Monday, April 10, 2006

Today in History.....April 10

On this day in …

* 1790, US Patent system forms

* 1816, Congress ok's second U.S. Bank. One of Alexander Hamilton's pet projects, the initial edition of the bank stirred opposition from states' rights advocates and lost its charter in 1811. Its successor, officially dubbed the Second Bank of the United States, opened in Philadelphia in 1817. Despite its twenty-year charter and
$35 million in federal funding, the bank floundered and the nation was plunged into a yearlong financial panic during 1819.

* 1865, one day after surrendering to Union General Ulysses S.
Grant, General Robert E. Lee addresses his army for the last time

* 1906, O. Henry's second short story collection, The Four Million, is published. The collection includes one of his most beloved stories, The Gift of the Magi, about a poor but devoted couple who each sacrifice their most valuable possession to buy a gift for the other

* 1912, the RMS Titanic set sail from Southampton, England, on its ill-fated maiden voyage

* 1919, Emiliano Zapata, a leader of peasants and indigenous people during the Mexican Revolution, is ambushed and shot to death in Morelos by government forces

* 1930, synthetic rubber first produced

* 1938, Nazi Germany annexed Austria

* 1941, the German and Italian invaders of Yugoslavia set up the Independent State of Croatia (also including Bosnia and Herzegovina) and place nationalist leader Ante Pavelic's Ustase, pro-fascist insurgents, in control of what is no more than a puppet Axis regime.
The Ustase began a relentless persecution of Serbs, Jews, Gypsies, and antifascist Croats. As many as 350,000 to 450,000 victims were massacred, and the Jasenovac concentration camp would become infamous as a slaughterhouse.

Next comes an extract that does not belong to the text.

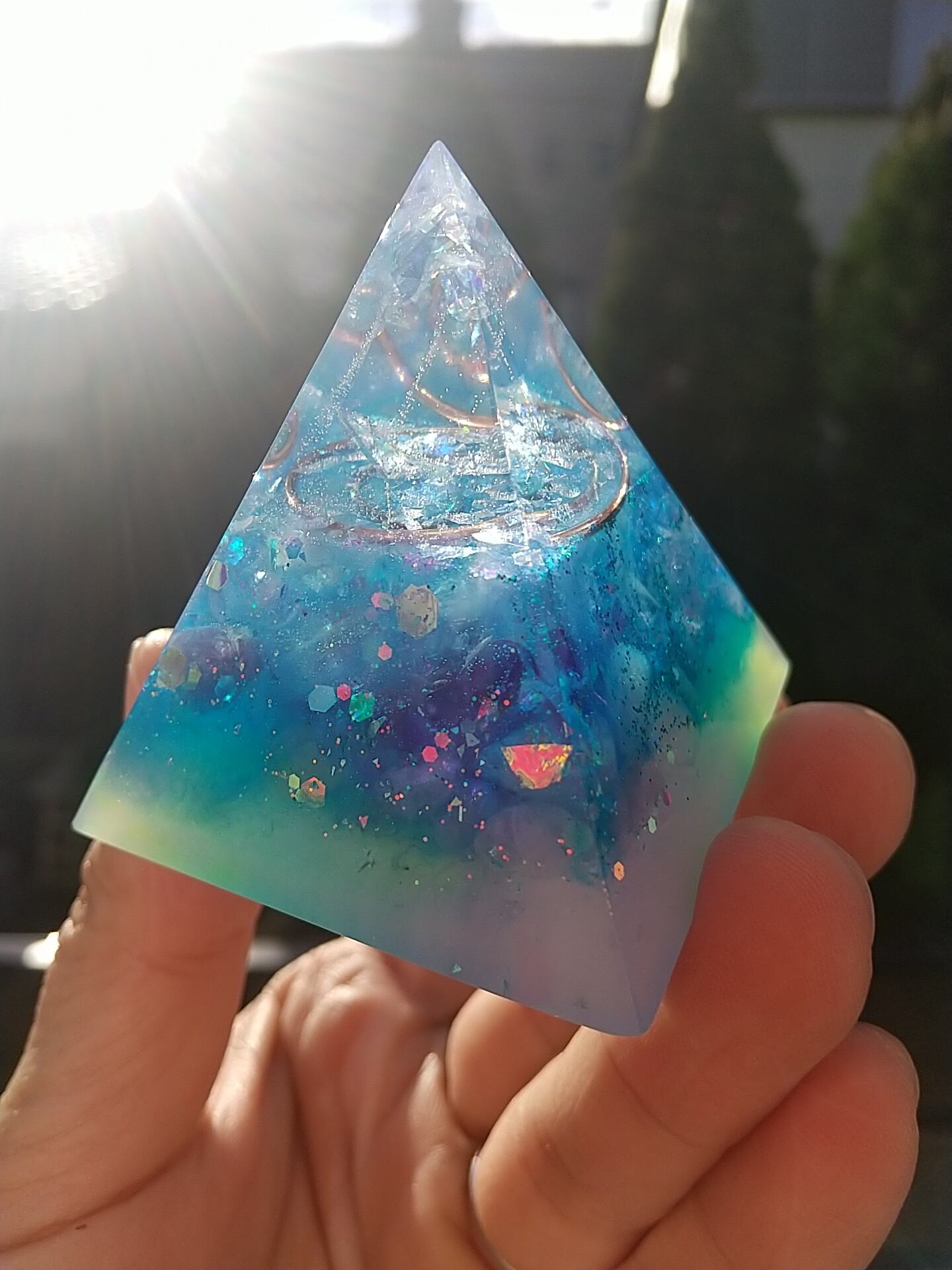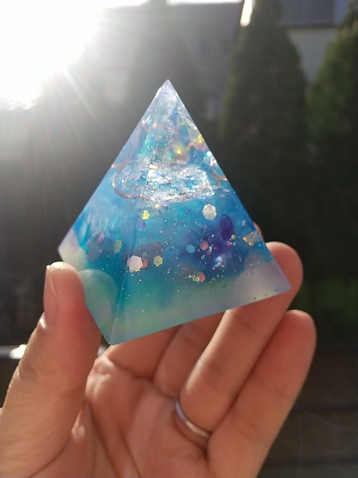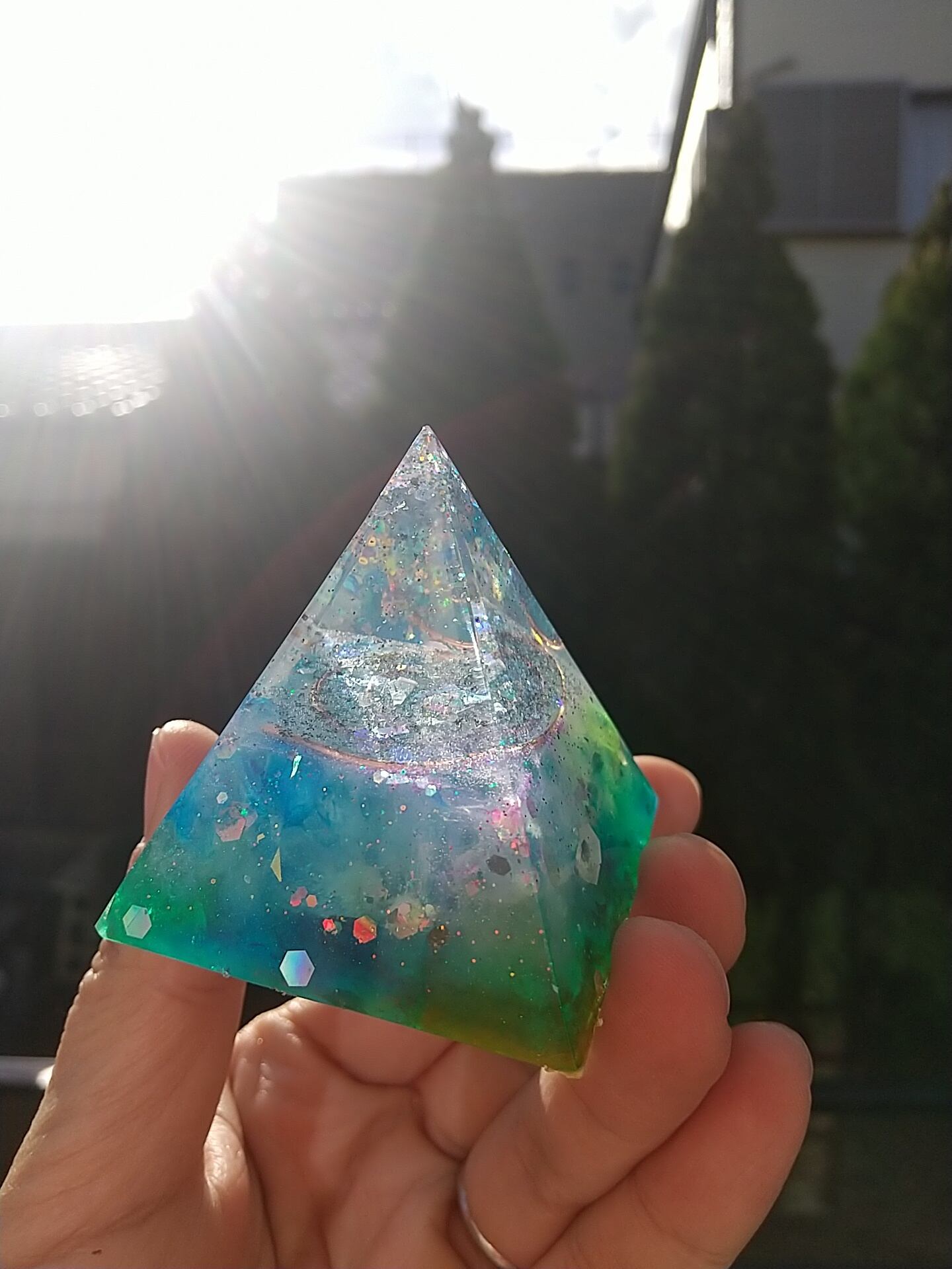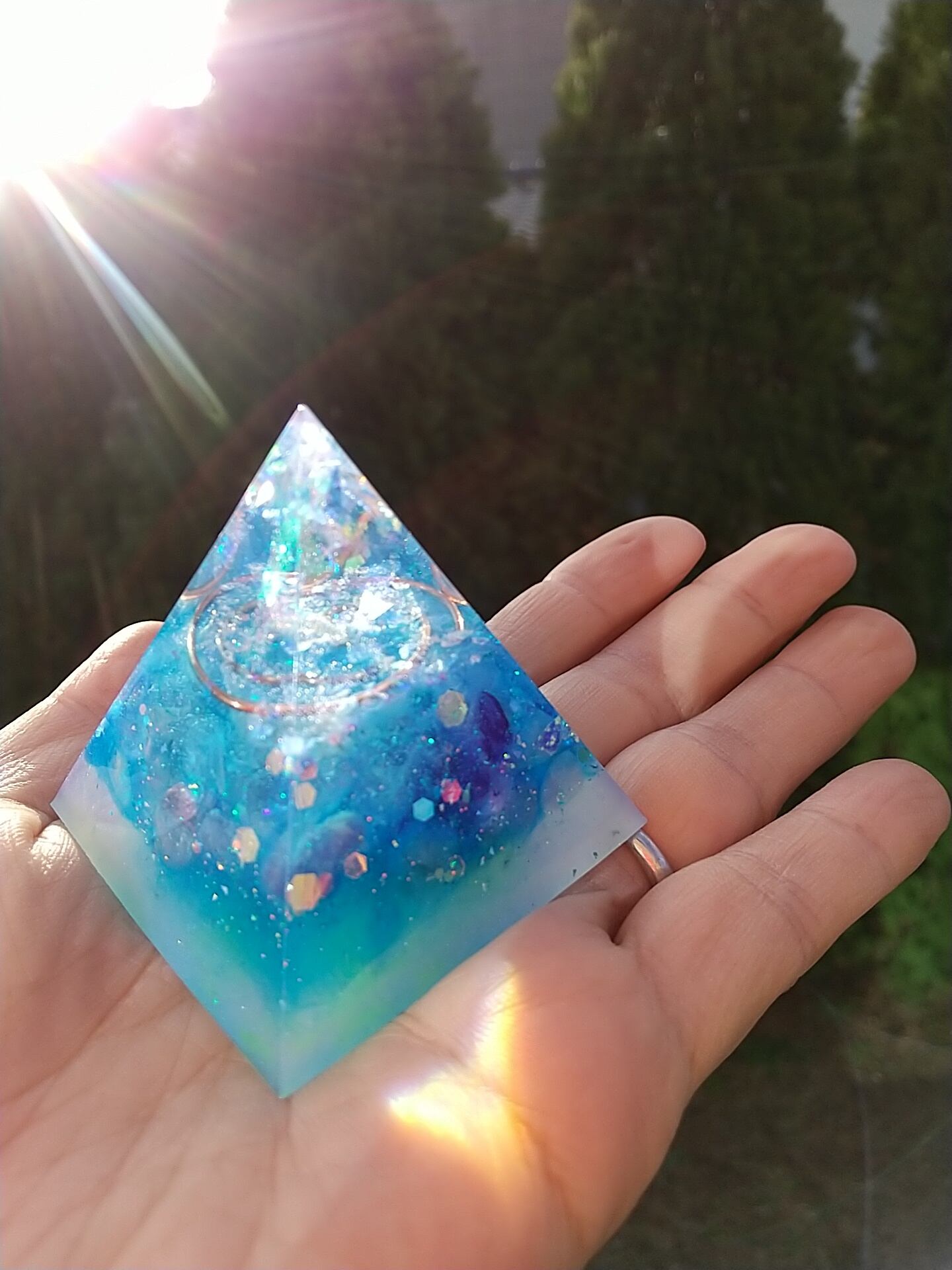 5㎝×5㎝×5㎝のピラミッドオルゴナイトになります。

* 1942, the day after the surrender of the main Philippine island of Luzon to the Japanese, the 75,000 Filipino and American troops captured on the Bataan Peninsula begin a forced march to a prison camp near Cabanatuan. During this infamous trek, known as the "Bataan Death March," the prisoners were forced to march 85 miles in six days, with only one meal of rice during the entire journey. By the end of the march, which was punctuated with atrocities committed by the Japanese guards, hundreds of Americans and many more Filipinos had died.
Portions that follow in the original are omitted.